All secondary analyses will use fully anonymized datasets with patient identifiers removed per HIPAA Safe Harbor standards. Secondary analyses require separate IRB approval or exempt determination prior to initiation. AI algorithm development will comply with institutional AI governance policies and FDA guidance on AI/ML in medical devices.

Study Timeline

• Months 0-1: Site qualification, selection, contracting; Sealed Envelope EDC/randomization system setup; Embryo Assist software preparation
• Month 2: Site training, IRB approvals, Embryo Assist installation and validation
• Months 3-16: Patient enrollment (target: 115 patients/month across all sites)
• Month 17: Database lock and preliminary analysis
• Month 18: Complete statistical analysis and quality checks
• Month 19: Final statistical report
• Month 20: Manuscript preparation and conference abstracts Total enrollment period: 14 months (Months 3-16). Expected Impact This study addresses a critical evidence gap in reproductive medicine by providing the first adequately powered, multicenter randomized controlled trial to determine whether advanced microfluidic sperm preparation translates into meaningful improvements in clinical IVF outcomes. Existing studies are limited by small sample sizes, single-center designs, and inconsistent comparator arms, with a striking lack of method-specific analyses or power for subgroup exploration.

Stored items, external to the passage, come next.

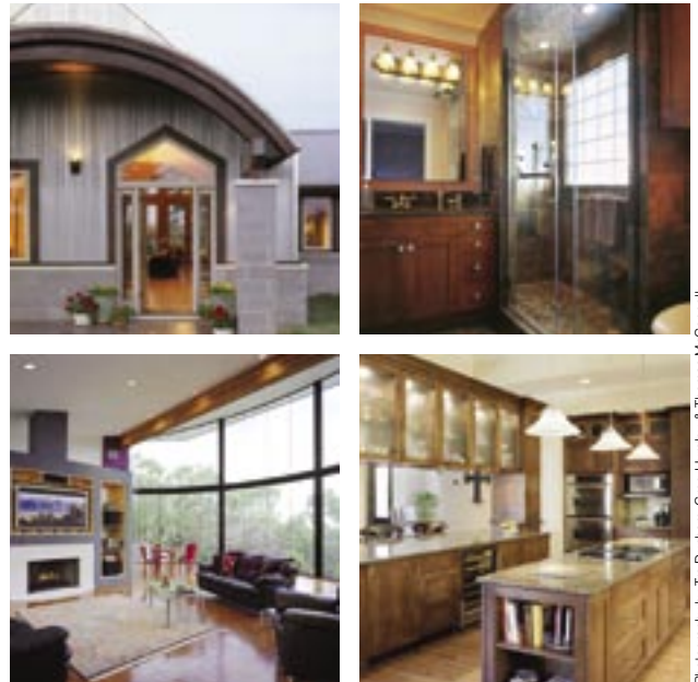
Award Winners, clockwise from top left: Entire House, Residential Bath, Residential Kitchen, Home Theatre & Media Room

Congratulations to all the architects, designers, project managers and carpenters who worked on these projects. A special thanks goes out to our wonderful clients who allowed us to photograph and submit their beautiful projects for these awards!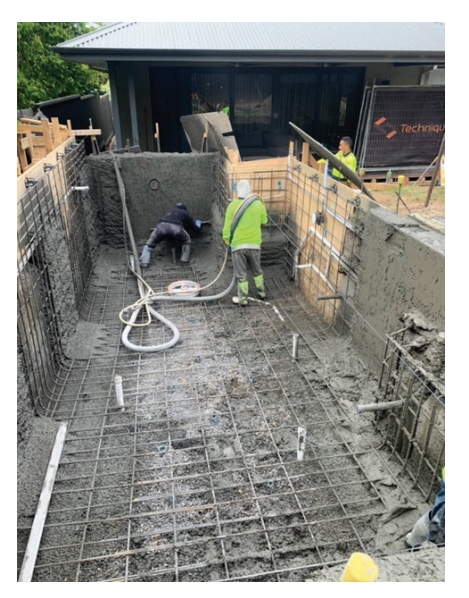
The process of installing an in-floor pool cleaning system with Waterco is easy — simply send in your plans and Waterco will work out the layout of the jets and the drain.

"My requirements were a competent in-floor system that suited the heavily treed area," Glover explains. "This pool also has a spillway tank that required a separate circulation system. Darrin suggested suitable pumps — Waterco's <a href="https://doi.org/10.1016/jwp.com/">Hydrostorm ECO-V</a> variable 1.5hp for the filtration, Hydrostorm 1.5hp for the in-floor and a <a href="https://doi.org/">Supatuf ECO</a> 1.0hp for the spillway — to achieve the desired result."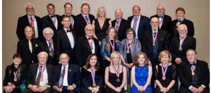
2024 Hall of Fame VIP Reception

2025 INDUCTEES WILL BE ANNOUNCED IN OCTOBER 2024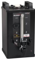
SH SERVER, 1.5G/5.7L BLK 120 MIN ADJ TM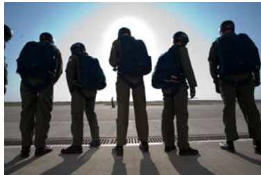
Waiting for the Plane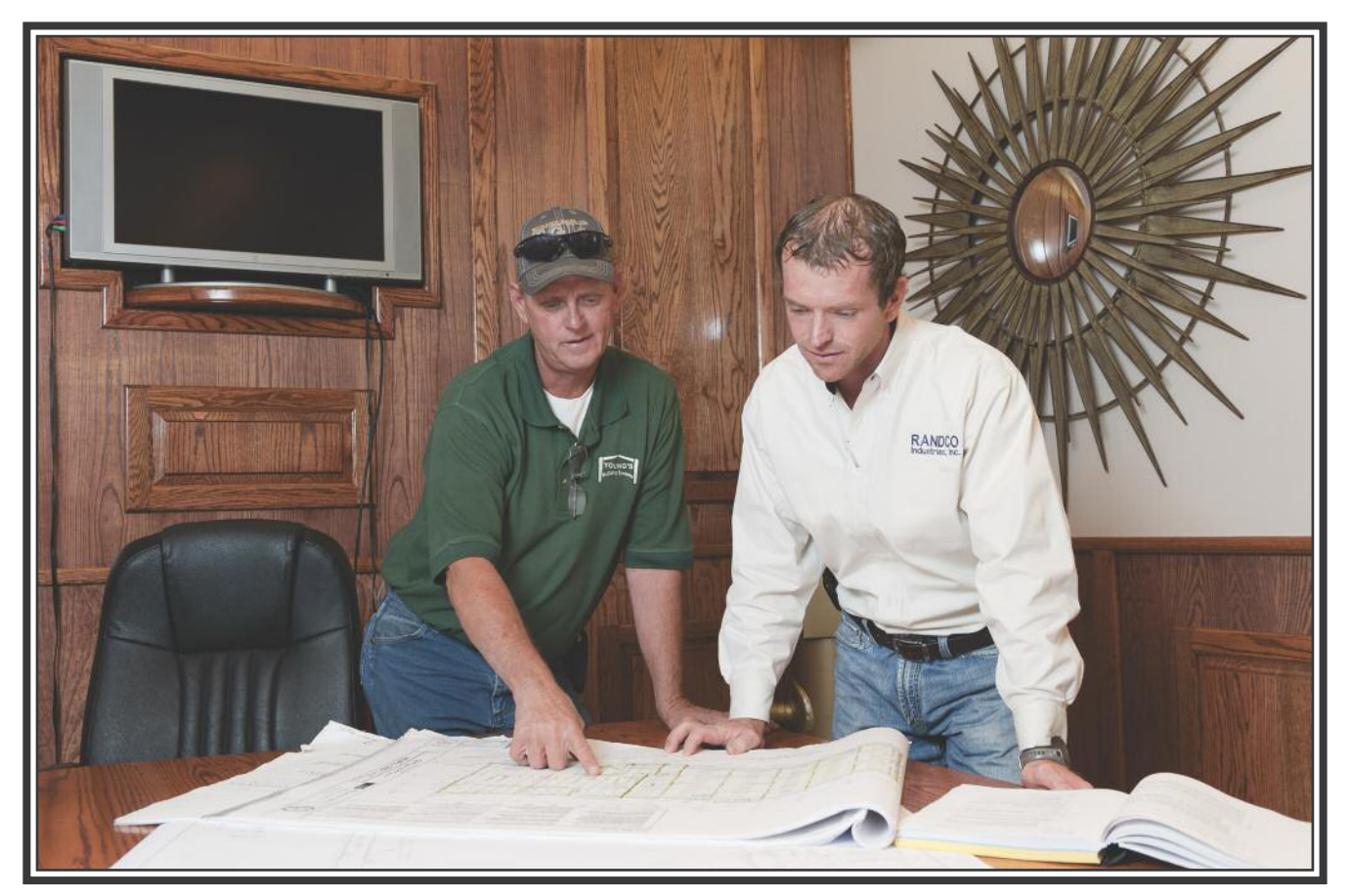
Precise hands on project management by our propritory team is a trademark quality that assures your job will be on schedule and to your specifications.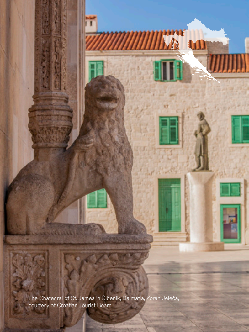
The Chatedral of St. James in Šibenik, Dalmatia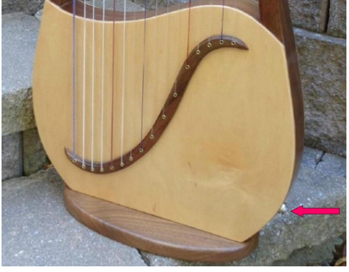
Can I have a mic pick-up added to the harp?

Yes, we can install a mic pick-up during construction for an additional fee. You can see where you plug in the cord at the bottom right of the harp in the picture above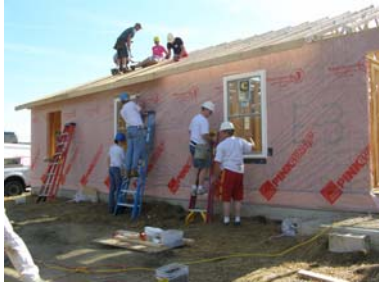
Habitat for Humanity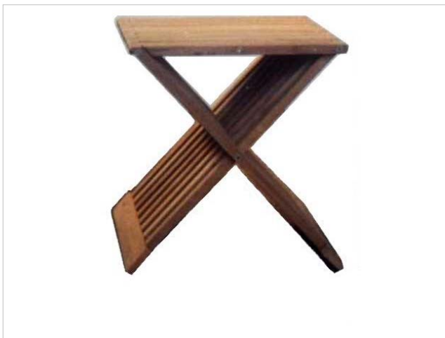
CODE: EB - 113 RECAL TABLE SMALL SIZE: W 40 x D 32 x H 43 (cm)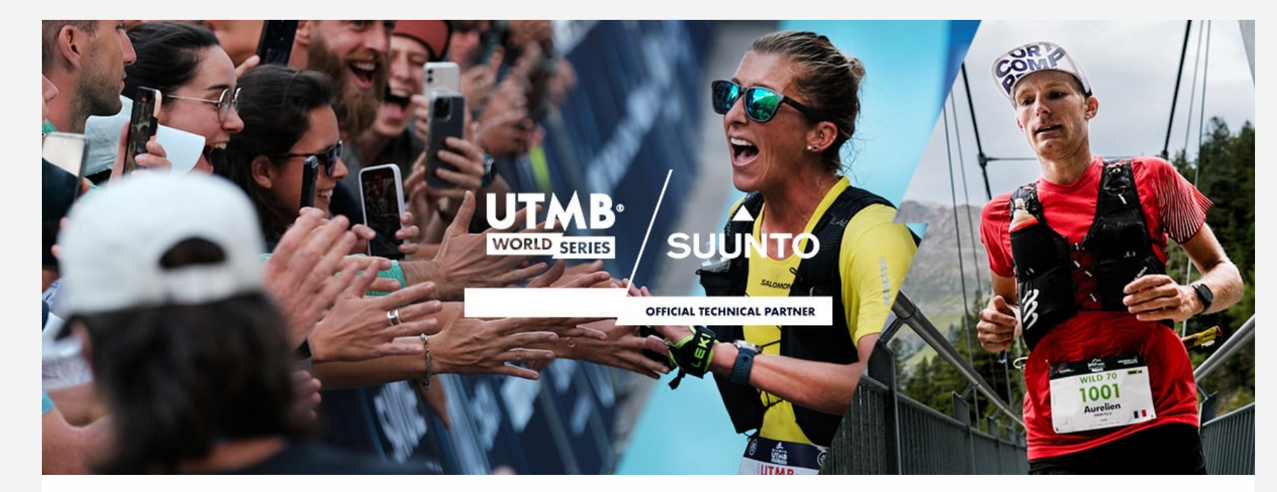
Press release - Chamonix, Thursday 15 February 2024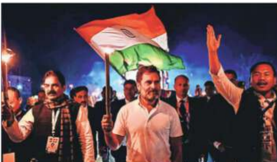
Congress leader Rahul Gandhi in Manipur in January this year. Gandhi's trip to the northeastern state on Monday will be his first as the Leader of Opposition in the Lok Sabha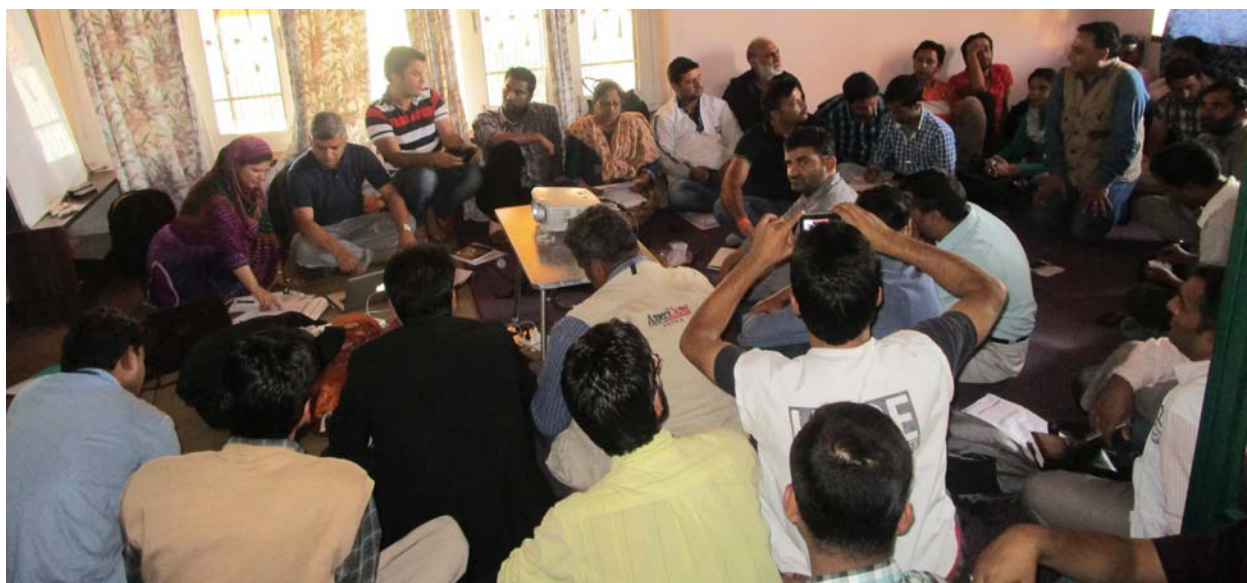
The second IAG Meeting which was organized in Srinagar on September 17, 2014 attended by 51 participants from 32 INGOs, NGOs, and CBOs.

Multi-stakeholder coordination was made possible and response was provided through establishing a GO NGO Coordination mechanism at State and district level. The development of common strategic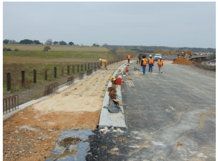
Maha Loop Construction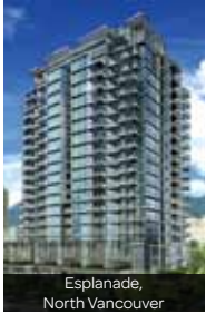
Esplanade, North Vancouver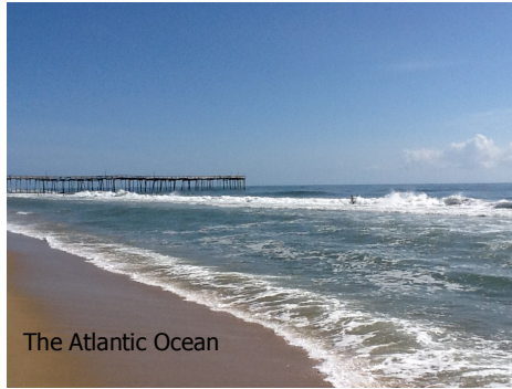
The Atlantic Ocean

We proceeded across NY, Vermont and New Hampshire to Maine. I had no idea of what to expect in Maine. From Google Maps it looks like a swamp. Riding through it it's a "green tunnel" meaning that with all the trees on each side of the road you can't see a thing. We decided to take small side trips to the coast and took the 10-12 mile side roads to the coast. In doing so, you find quaint little fishing villages such as Eastport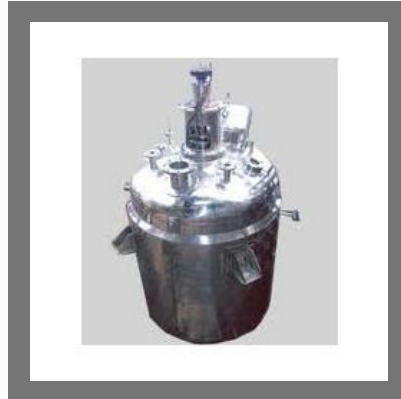
Jacketed Reaction Vessels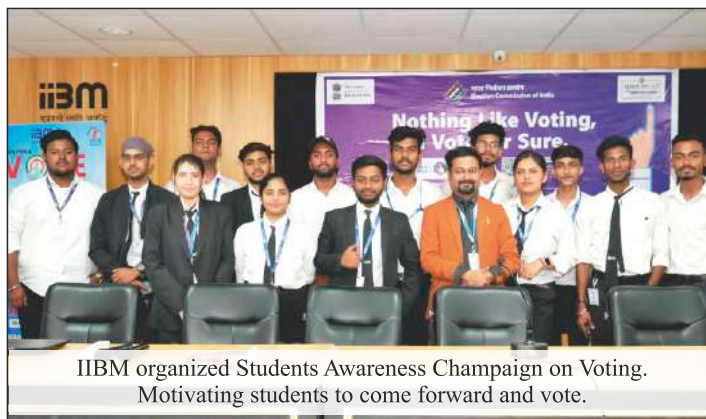
IIBM organized Students Awareness Campaign on Voting. Motivating students to come forward and vote.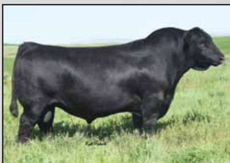
Ellingson Chaps 4095's influence sells.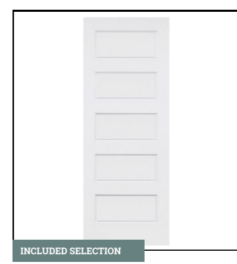
INTERIOR DOOR STYLE 5 Panel Smooth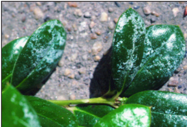
Salt deposits on a holly leaf after the water has evaporated.

Examine injury patterns on trees and shrubs. Winter salt spray damage to deciduous plants causes bud death and twig dieback. Tree and shrub growth after this damage will have a "witches-broom" (tufted) appear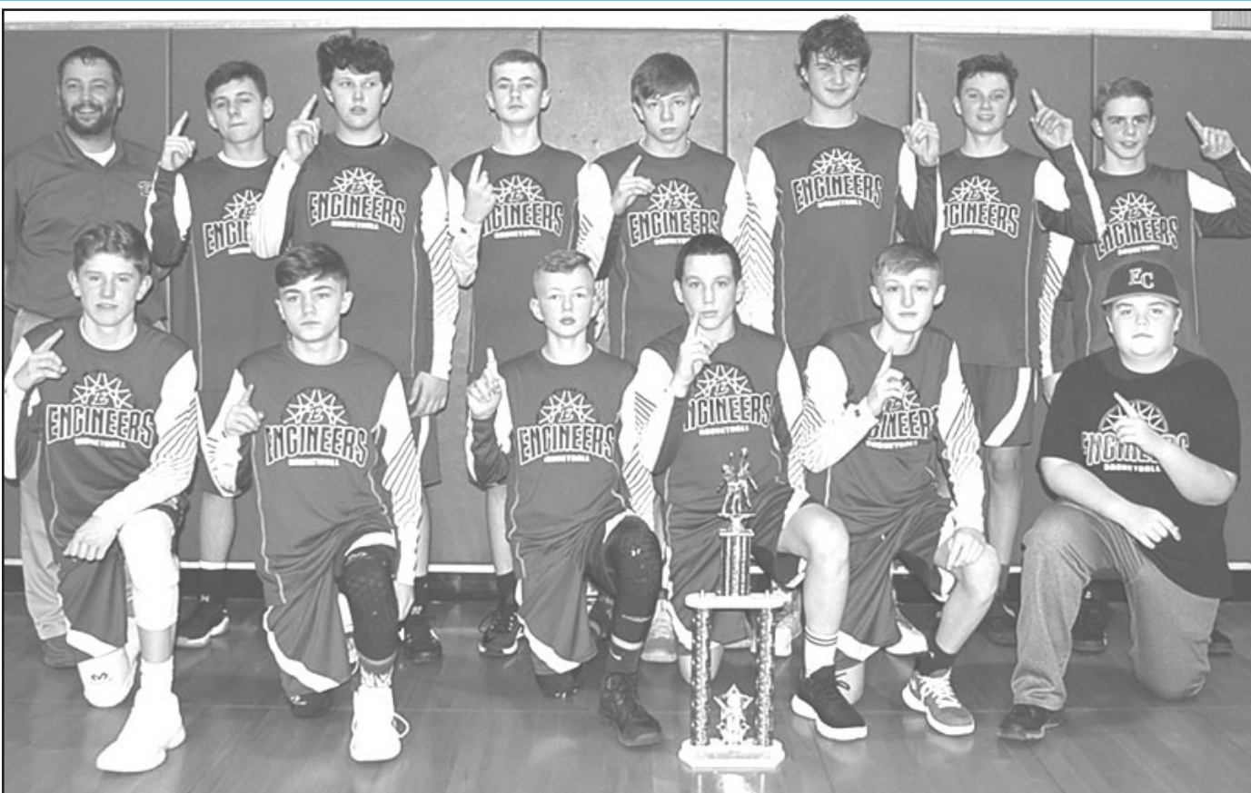
2017 56th District Tournament 8th Grade Champion - Estill County Engineers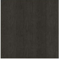
Solid wood Coal ash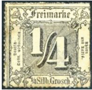
1/4 sgr, Scott 21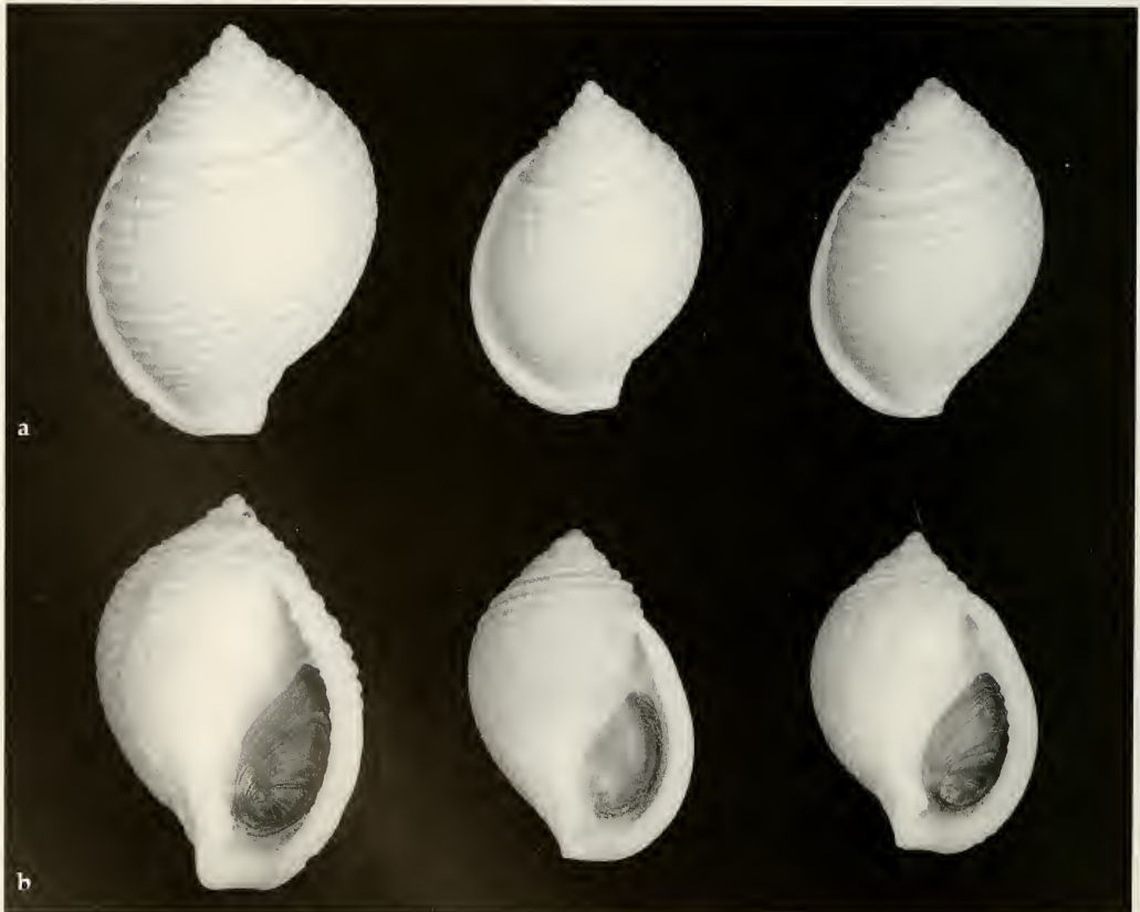
Fig. 2. Oocorys morrisoni , spec. nov. Holotype and paratypes. a. Dorsal view. b. Ventral view.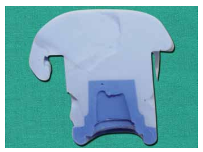
Fig. 3: Mold sagittal view: one of the master model (metal cast 2) was 2 mm larger than the other master model (metal cast 1) to provide a uniform relief for the two-step putty-wash impression technique (Aquasil - Dentsply)

Mean values and standard deviations were calculated and were analyzed with the software Bioestat 5.0 (Mamirauá Institute, Amazonas, Brazil). Initially all obtained data underwent a normality test (Shapiro-Wilk test), followed by the two-way analysis of variance (ANOVA) to verify intra and inter groups differences. Significance level was adopted at 5% and all results were considered significant when p \le 0.05 .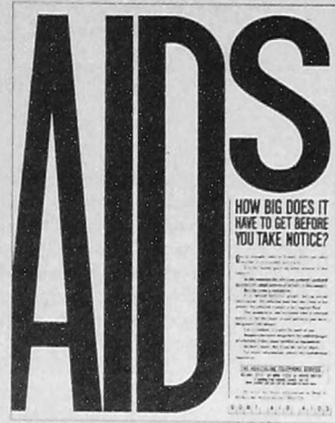
The AIDS virus

The state is stepping up its scare-mongering campaign about the 'gay plague' AIDS. Communists must take sides with the oppressed.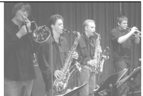
The R&B Band at work

Vic High’s R & B program has been such a success that some of the members of the current and past R & B bands have formed their own extracurricular groups in the city, enriching the musical culture of Victoria.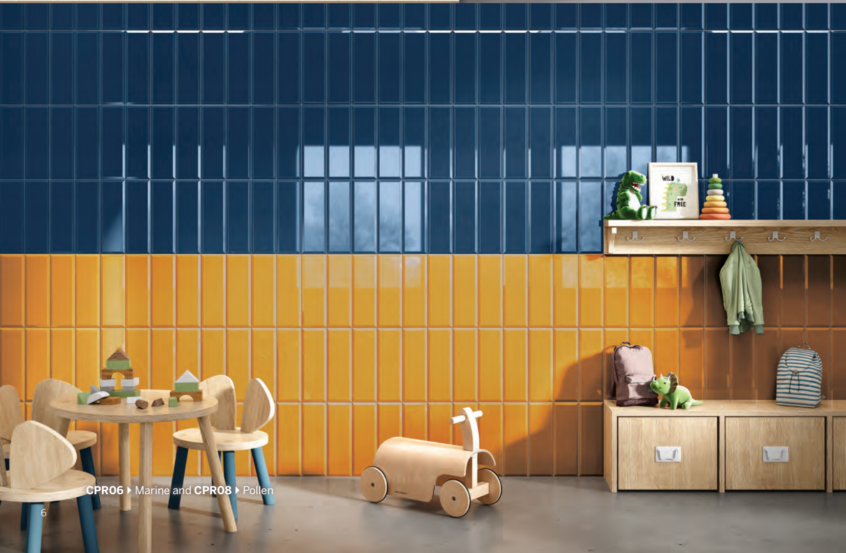
CPR06 ▶ Marine and CPR08 ▶ Pollen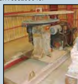
500-Lb. Hydraulic Power Weld Positioner , 64" table.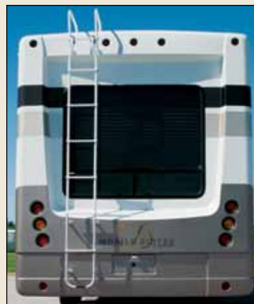
Contemporary design fiberglass rear cap and detachable ladder.

An anticipated gain of 7.0 percentage points in blastocyst utilization could reduce the number of IVF cycles needed per live birth, advancing care for millions of couples affected by male factor infertility. Progressive motility improvements (expected +7.5 percentage points) will be assessed as supportive laboratory measures of sperm quality enhancement.

By combining rigorous clinical endpoint assessment with practical workflow analysis, this trial will empower ART laboratories with high-quality evidence for sperm preparation method selection, supporting precision medicine approaches in reproductive care.